Content starts
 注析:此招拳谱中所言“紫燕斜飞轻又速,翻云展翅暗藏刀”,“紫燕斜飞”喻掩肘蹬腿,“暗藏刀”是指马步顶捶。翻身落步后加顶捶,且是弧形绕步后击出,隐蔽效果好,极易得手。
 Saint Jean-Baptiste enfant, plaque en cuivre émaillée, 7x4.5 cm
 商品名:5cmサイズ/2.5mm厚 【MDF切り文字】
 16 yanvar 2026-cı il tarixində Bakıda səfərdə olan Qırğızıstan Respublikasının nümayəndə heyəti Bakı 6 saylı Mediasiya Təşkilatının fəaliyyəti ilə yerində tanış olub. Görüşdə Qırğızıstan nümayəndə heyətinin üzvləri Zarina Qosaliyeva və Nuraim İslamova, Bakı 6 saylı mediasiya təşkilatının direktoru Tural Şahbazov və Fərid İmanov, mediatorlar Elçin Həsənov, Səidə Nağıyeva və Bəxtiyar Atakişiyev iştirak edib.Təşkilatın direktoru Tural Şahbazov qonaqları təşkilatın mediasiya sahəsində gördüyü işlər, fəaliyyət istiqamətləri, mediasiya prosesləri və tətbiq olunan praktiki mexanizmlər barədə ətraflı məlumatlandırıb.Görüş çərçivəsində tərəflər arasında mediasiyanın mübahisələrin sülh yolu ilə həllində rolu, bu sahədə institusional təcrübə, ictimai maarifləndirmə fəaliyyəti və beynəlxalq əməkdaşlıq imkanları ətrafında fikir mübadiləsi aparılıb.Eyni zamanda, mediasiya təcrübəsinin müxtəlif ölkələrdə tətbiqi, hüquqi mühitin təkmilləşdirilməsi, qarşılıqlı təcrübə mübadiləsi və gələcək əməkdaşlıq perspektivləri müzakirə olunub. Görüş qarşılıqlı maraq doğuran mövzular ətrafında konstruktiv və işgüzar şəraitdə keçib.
Content ends
Content starts
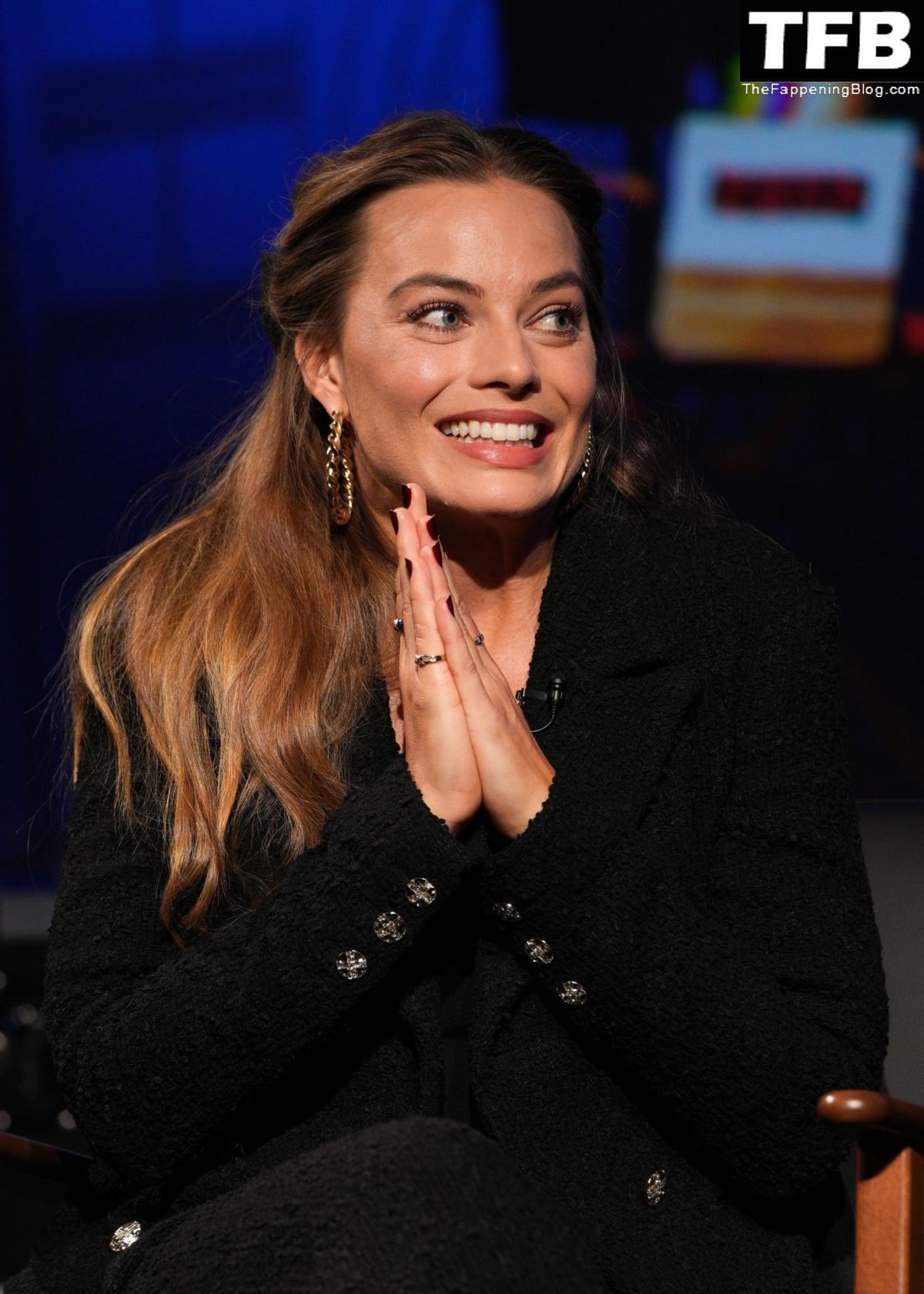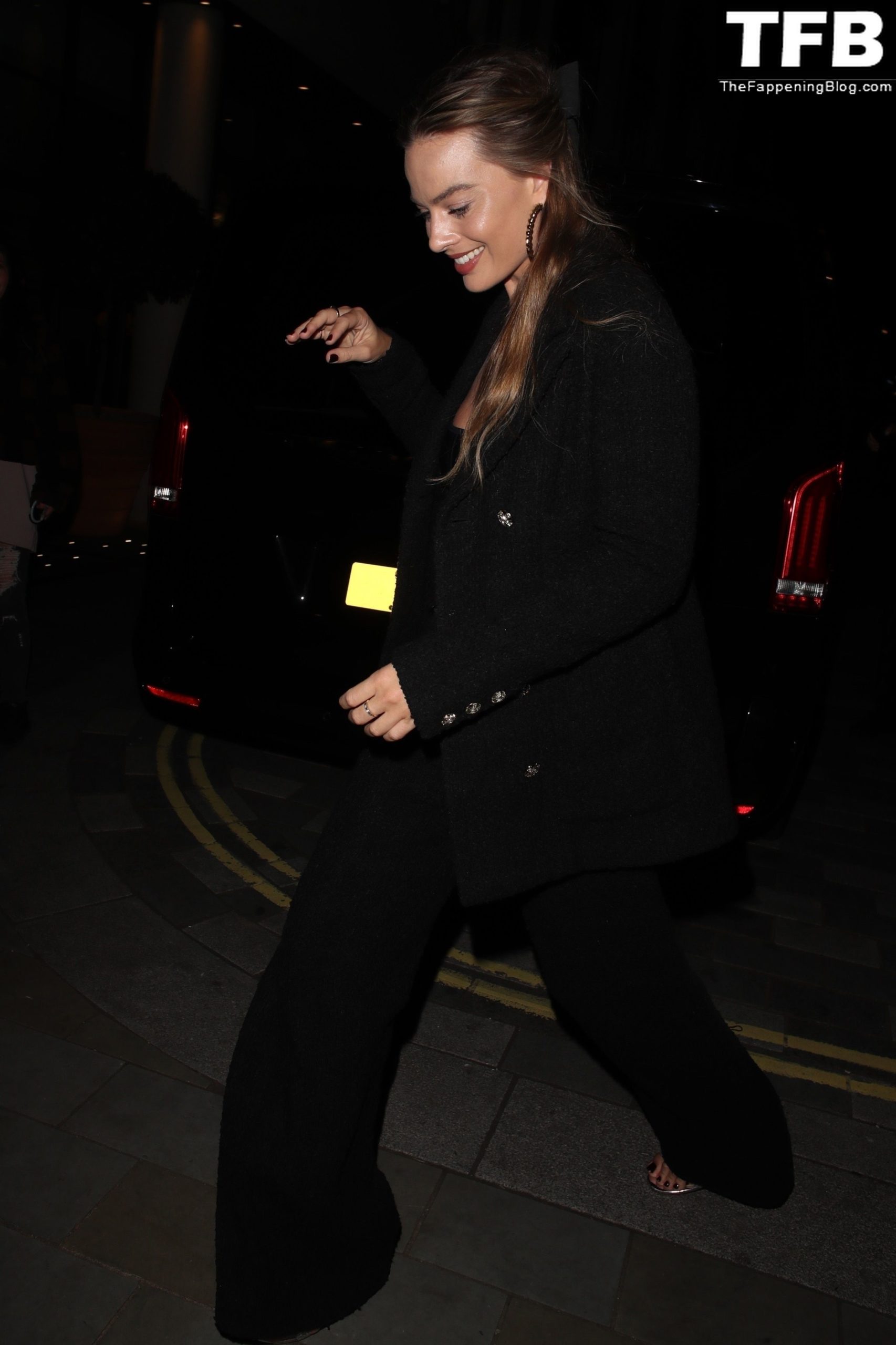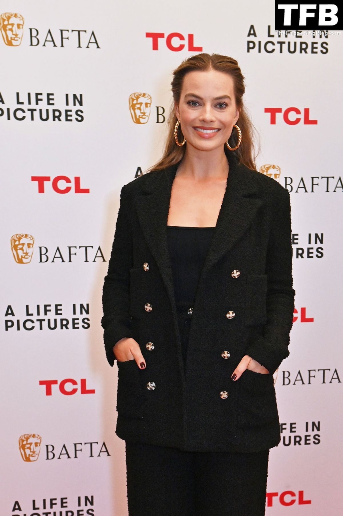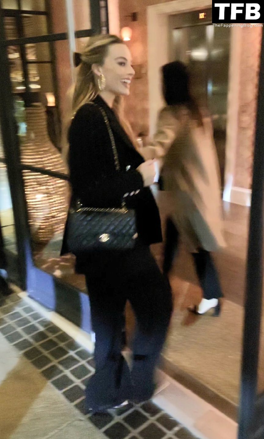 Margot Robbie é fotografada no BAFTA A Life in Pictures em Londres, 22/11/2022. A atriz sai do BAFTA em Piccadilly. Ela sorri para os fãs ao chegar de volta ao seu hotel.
Content ends
== WHAT THE TASK REQUIRES ==
Above are the records. Copy the lines beginning at the one that has "商品名:5cmサイズ/2.5mm厚 【MDF切り文字】" and ending with the one that has "16 yanvar 2026-cı", unchanged.

== EXERCISE OUTPUT ==
 商品名:5cmサイズ/2.5mm厚 【MDF切り文字】
 16 yanvar 2026-cı il tarixində Bakıda səfərdə olan Qırğızıstan Respublikasının nümayəndə heyəti Bakı 6 saylı Mediasiya Təşkilatının fəaliyyəti ilə yerində tanış olub. Görüşdə Qırğızıstan nümayəndə heyətinin üzvləri Zarina Qosaliyeva və Nuraim İslamova, Bakı 6 saylı mediasiya təşkilatının direktoru Tural Şahbazov və Fərid İmanov, mediatorlar Elçin Həsənov, Səidə Nağıyeva və Bəxtiyar Atakişiyev iştirak edib.Təşkilatın direktoru Tural Şahbazov qonaqları təşkilatın mediasiya sahəsində gördüyü işlər, fəaliyyət istiqamətləri, mediasiya prosesləri və tətbiq olunan praktiki mexanizmlər barədə ətraflı məlumatlandırıb.Görüş çərçivəsində tərəflər arasında mediasiyanın mübahisələrin sülh yolu ilə həllində rolu, bu sahədə institusional təcrübə, ictimai maarifləndirmə fəaliyyəti və beynəlxalq əməkdaşlıq imkanları ətrafında fikir mübadiləsi aparılıb.Eyni zamanda, mediasiya təcrübəsinin müxtəlif ölkələrdə tətbiqi, hüquqi mühitin təkmilləşdirilməsi, qarşılıqlı təcrübə mübadiləsi və gələcək əməkdaşlıq perspektivləri müzakirə olunub. Görüş qarşılıqlı maraq doğuran mövzular ətrafında konstruktiv və işgüzar şəraitdə keçib.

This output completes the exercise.